NEW HAVEN — Rev. Al Sharpton will attend a memorial this weekend for the teen killed by a state trooper as the family continues to come to grips with the 19-year-old’s death.

The Rev. Boise Kimber said Sharpton — a civil rights activist and Baptist minister — will attend the event at the First Calvary Baptist Church in New Haven at 1 p.m. Sunday.

The plans for the memorial come after Mubarak Soulemane was killed last week by a state trooper after police say he wielded a knife at a Norwalk AT&T store, carjacked a rideshare driver and then led authorities on a high-speed chase on Interstate 95 that ended in West Haven.

“Reverend Sharpton has stood up against police brutality for years all across this nation, so it is befitting for him to come and to share with this family and community,” Kimber said Wednesday.

Soulemane is one of three people fatally wounded by police in Connecticut so far in 2020.

The first occurred when Ansonia police said Sgt. Christopher Flynn, Officer Brendon Nelson and Officer Wojciech Podgorski responded to a domestic violence call that ended with 30-year-old Michael Gregory dead. Gregory was armed with a knife.

Soulemane was the second person killed by police gunfire following last Wednesday’s pursuit. His family has called for Trooper Brian North, who fired the shots that killed Soulemane, to be fired. They have also called on state police to institute more de-escalation training for troopers.
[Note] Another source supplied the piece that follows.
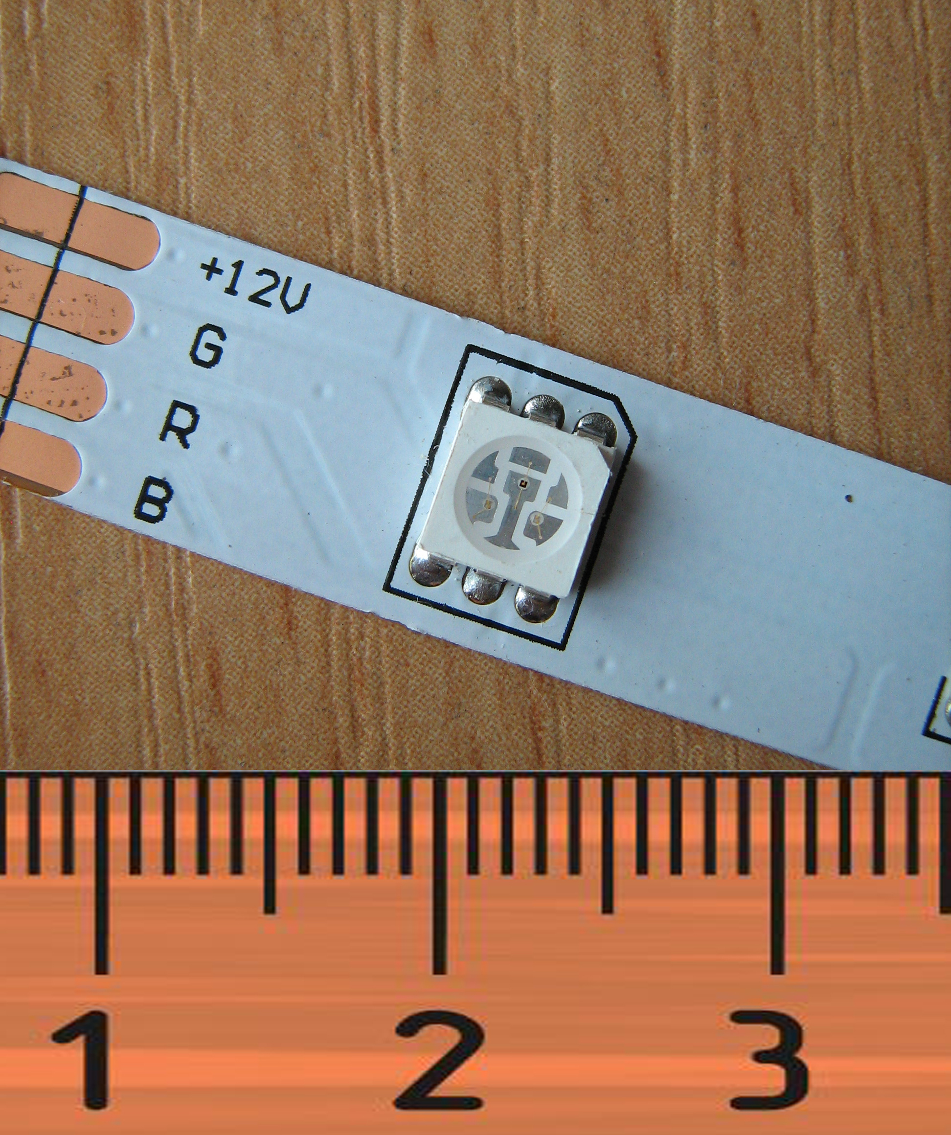 Chip_RGB_LED
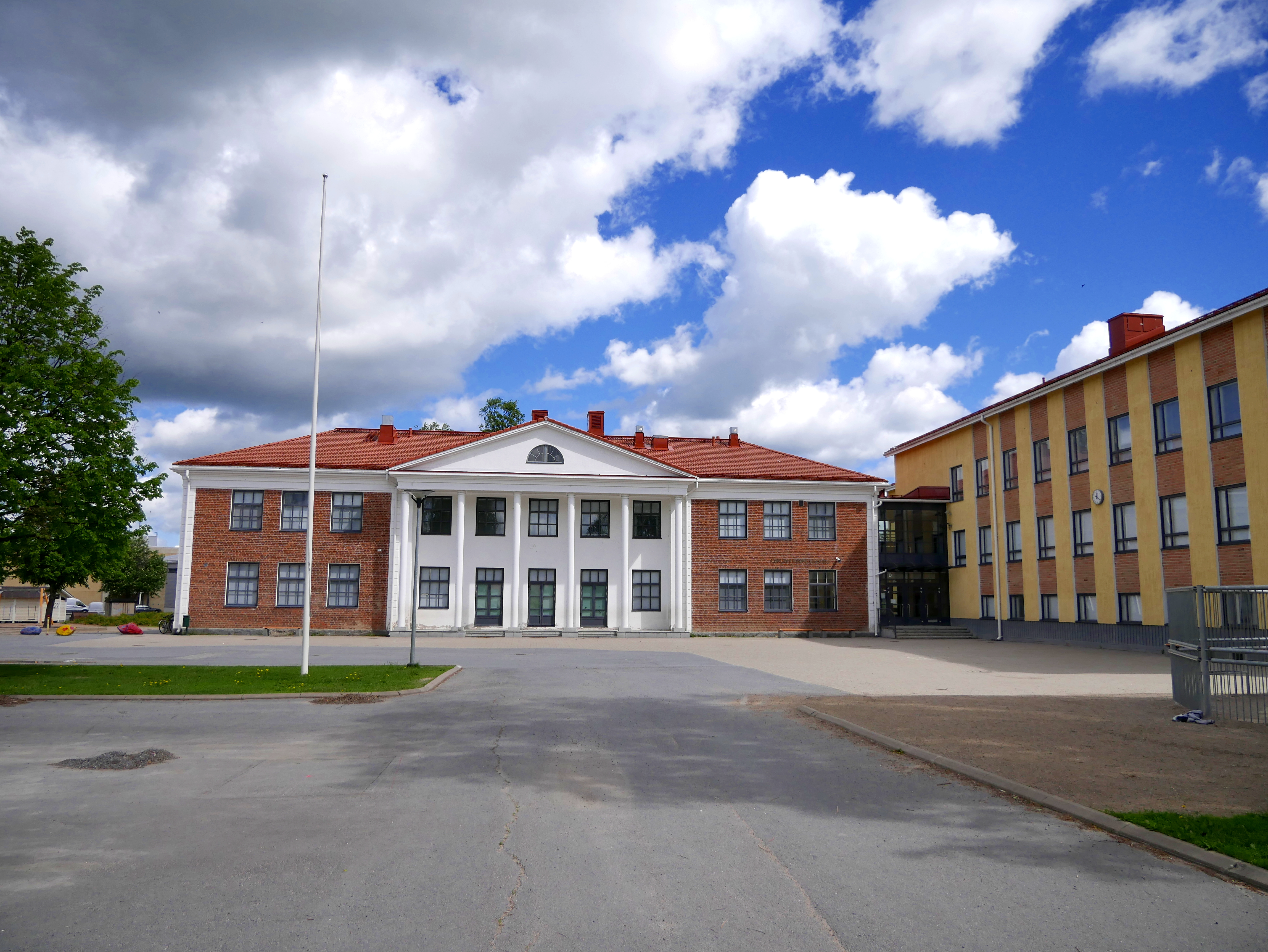 School in Lapua, Finland.

Waterbury resident Edwards Gendron, 57, was killed on Monday by shots fired by Waterbury Police Officer Ronald W. Tompkins III after an altercation, according to police.

With the memorial on the horizon and another deadly police shooting this week, Mariyann Soulemane told Hearst Connecticut Media that her family is still processing what happened to her younger brother, Mubarak.

“I was just in a state of shock,” Mariyann Soulemane, who lives in Malaysia, said of learning the news about her brother.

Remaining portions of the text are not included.